We drew our cape hoods up and slouched in the saddles and rode through the valley and past the feathery glinting waterfall and so came out to the saddle beyond, where the land lifted away from us, misty, clouded by rain veils, gray and wet.
Barty said, with an oath: “What I would give for a piping hot cup of tea — right now — vydra tea, for that is what I like best.”
“I, too, am fond of vydra tea,” said Uthnior.
I hauled out a wine bottle and passed it across. “You will have to make do with wine, Barty. For now.”
“I suppose so.”
When we reached the cave of which the guide had spoken we reined in. The rocky face of the cliff closed down, and the uneven track wound down toward thickly wooded and much cut up land beyond. The veils of rain blew across like vertical sweeps from gigantic sword blades. Uthnior hesitated.

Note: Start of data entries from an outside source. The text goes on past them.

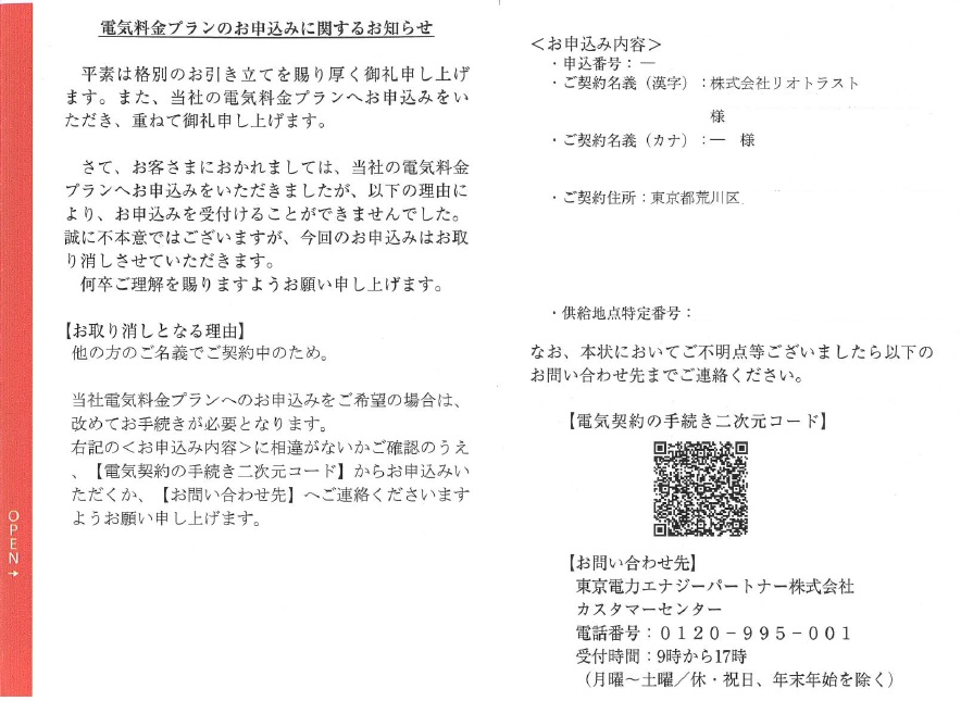 当初は受付けられましたが、後日、東京電力より「開栓手続き取消」の通知が届きました。
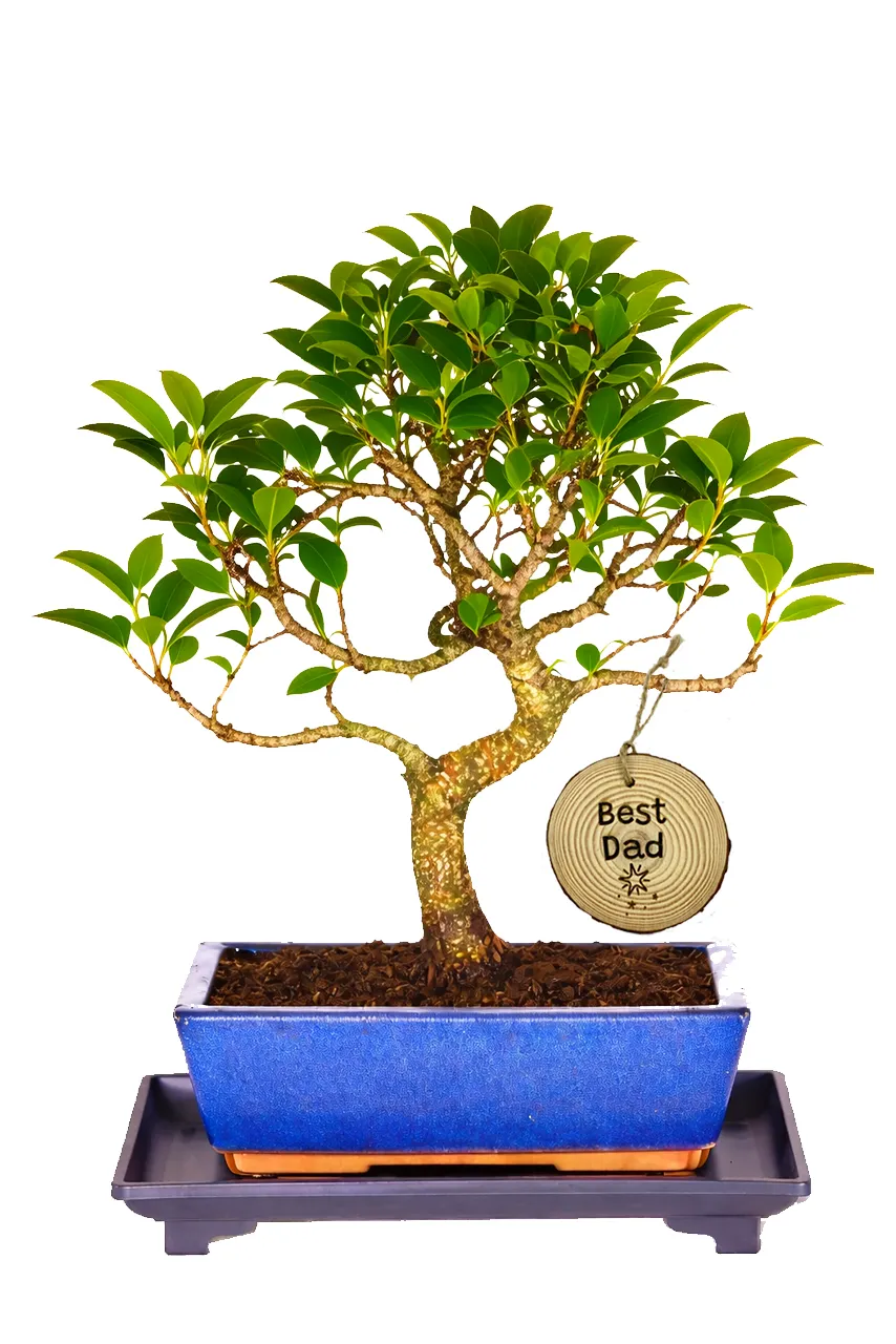 Gift Dad something meaningful and lasting with this elegant Ficus bonsai. With its impressive 12-year-old twisty trunk and vibrant, glossy green leaves, this indoor bonsai is both low-maintenance and full of character. Potted in a deep navy blue ceramic pot with an optional drip tray, it’s the perfect addition to any space. Finished with a rustic wooden “Best Dad” hanging tag, this bonsai is a heartfelt and stylish Father’s Day gift he’ll treasure for years. The Ficus is an excellent bonsai for beginners, being very low maintenance and slow growing.
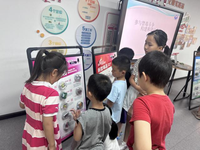 活動中,禁毒知識變得生動有趣。志愿者以“有害物質(zhì)的變身術”進行講解,傳統(tǒng)有害物外觀可能很普通,卻能被制成極具危害的物質(zhì);另一種粉末狀有害物看似尋常,實則危害巨大。人工合成有害物則被比作“彩色藥片的陷阱”,有的像日常的冰糖或糖果,有的印著卡通圖案,有的包裹著鮮艷的糖紙,會偽裝成“零食”的模樣。在“識破偽裝大師”環(huán)節(jié)中,志愿者展示了偽裝成卡通貼紙、流行小零食包裝、普通電子煙油等形態(tài)的有害物質(zhì),孩子們積極搶答并識別出這些都是經(jīng)過偽裝的有害品。通過觀察學習,孩子們掌握了辨別技巧:沒有正規(guī)廠家標識的“零食”不碰、對陌生人給的飲料保持警惕、氣味怪異的“香料”可能是危險品。
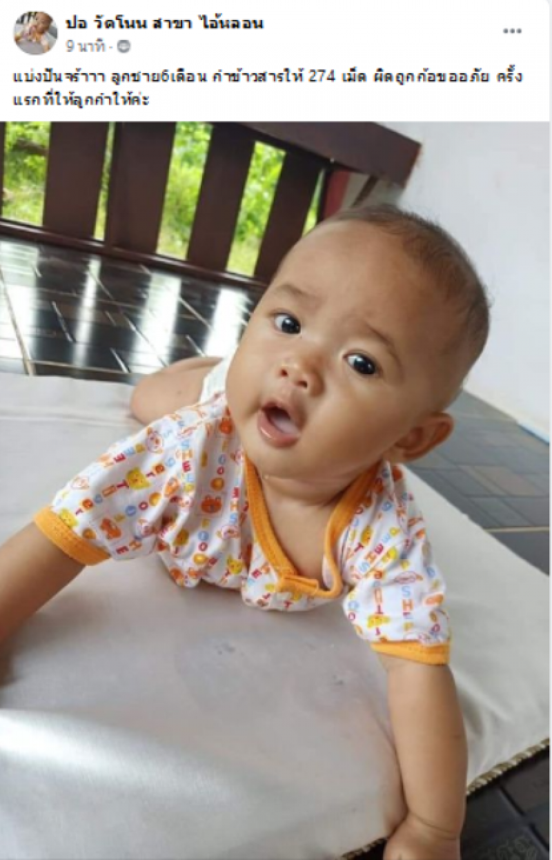 แบ่งปันจร้าาา บุตรชาย6เดือน กำข้าวสารให้ 274 เม็ด ผิดถูกก้อขออภัย ครั้งแรกที่ให้บุตรกำให้ค่ะ
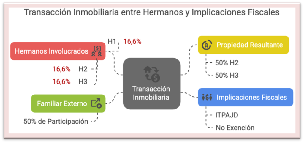- La operación propuesta consiste en que H2 y H3 adquirirán la parte de H1 (16,6%) y del otro familiar (50%). Como resultado, el inmueble será copropiedad de H2 y H3 al 50% cada uno.
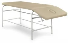 Norma II B wysoka i szeroka kozetka lekarska 3-częściowa z regulowanymi sekcjami zagłówka i podnóżka Wysoka i szeroka kozetka lekarska o stałej wysokości wykonana na stabilnej konstrukcji z lakierowanych proszkowo profili stalowych. Kozetka posiada 3-częściowe leże wypełnione elastyczną pianka PU z regulowanym w zakresie +/- zagłówkiem wyposażonym w otwór do oddychania z zatyczką oraz z podnoszonym podnóżkiem. Leże pokryte jest bezszwową tapicerką z atestowanego i zmywalnego materiału skóropodobnego (paleta Standard Line) lub winylowego (paleta Exclusive Line). Standardowo kozetka wyposażona jest w podgumowane stopki z jedną stopką regulacyjną do poziomowania kozetki na nierównej powierzchni. W opcjach wyposażenia dodatkowego kozetkę za dopłatą można doposażyć w 4 kółka kierunkowe z hamulcem (blokadą jazdy) zamiast stopek oraz w uchwyt na podkłady higieniczne w rolce o szerokości 70 cm, a także w praktyczną półkę pod leżem na akcesoria i w odboje na nogach kozetki.
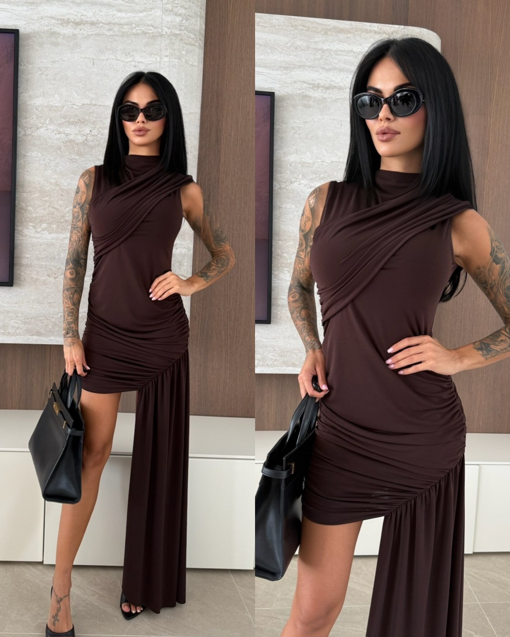 Zachwyć elegancją i modowym wyczuciem! Ta wyjątkowa sukienka mini to idealna propozycja na ważne wyjścia, gdzie chcesz wyglądać zjawiskowo. Dopasowany krój z efektownym drapowaniem w okolicach dekoltu i bioder subtelnie podkreśla kobiecą sylwetkę, a długi, lekko opadający tren z przodu dodaje całości niepowtarzalnego charakteru. Półgolf nadaje sukience szyku i nowoczesnego akcentu. To model, który z pewnością przyciągnie spojrzenia.
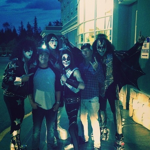Alice in Chains’ Mike Inez and Jerry Cantrellhang with Kiss cover band Destroyer in Prince George, British Columbia.
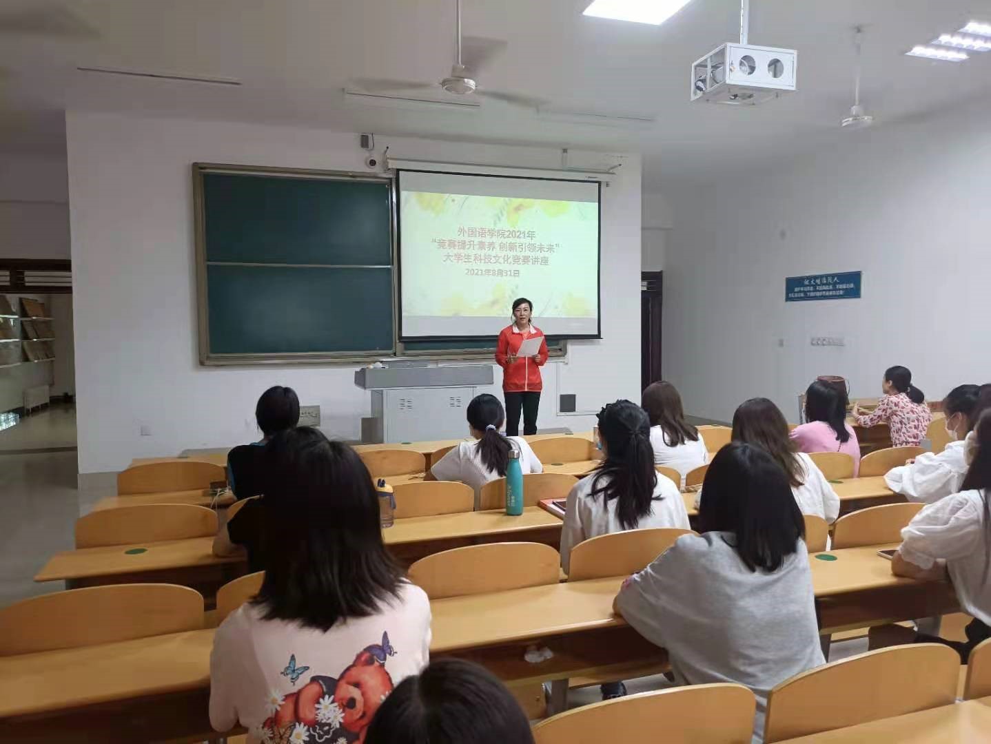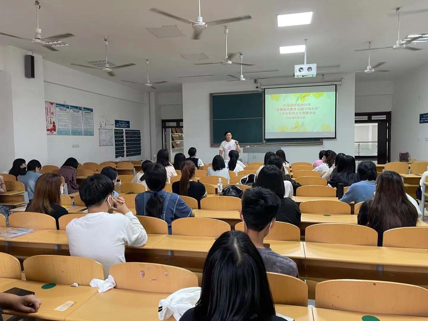 为贯彻落实学校“三位一体”的创新创业教育体系,有力推动bbin游戏官网的官方创新创业工作和大学生科技文化竞赛工作,更好地培养创新型应用型人才,为2021级新生提供了解竞赛,认识创新的平台,我院于8月31日下午在博文楼225教室组织举办了“竞赛提升素养 创新引领未来”大学生科技文化竞赛讲座。外院各专业的学生代表以及来自其他学院的共60余名同学参加了本次讲座。bbin游戏官网的官方贺昱副书记主持活动并作开场讲座,盖颖颖老师和杨康平老师分别进行讲座报告。
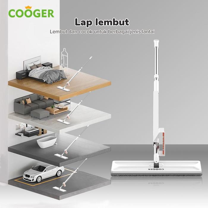 Cooger Alat Pel Lantai Ultra, Jumbo, Jumbo 45 Cm White Peras Otomatis Standing Pel Lantai Bisa Berputar 180 Derajat Kain

“To wait here, now, will not be advisable.”
“Our tracks will be washed out.” I said tentatively.
“Assuredly, koter. But the bodies of the Hawkwas will be found. Their friends will search. It will not be difficult to find a lone man hiding in a cave.”
“So you-” began Barty.
“Ride with us until you find a secure hide,” I said.
Barty swung to face me, annoyed; but he saw my face and did not pursue the argument. We rode on. The sense of desolation that depressed me here in these Kwan Hills lightened a little as the rain eased. I knew the atmospheric feelings were mine, that in other circumstances I would have joyed to explore here. Barty relapsed into a hurt silence, unable to comprehend why my companionship had so sadly fallen away. Uthnior led on, alert, sniffing the wind, his eyes forever scanning the distant prospects that opened up with each turn in our winding progress through the hills.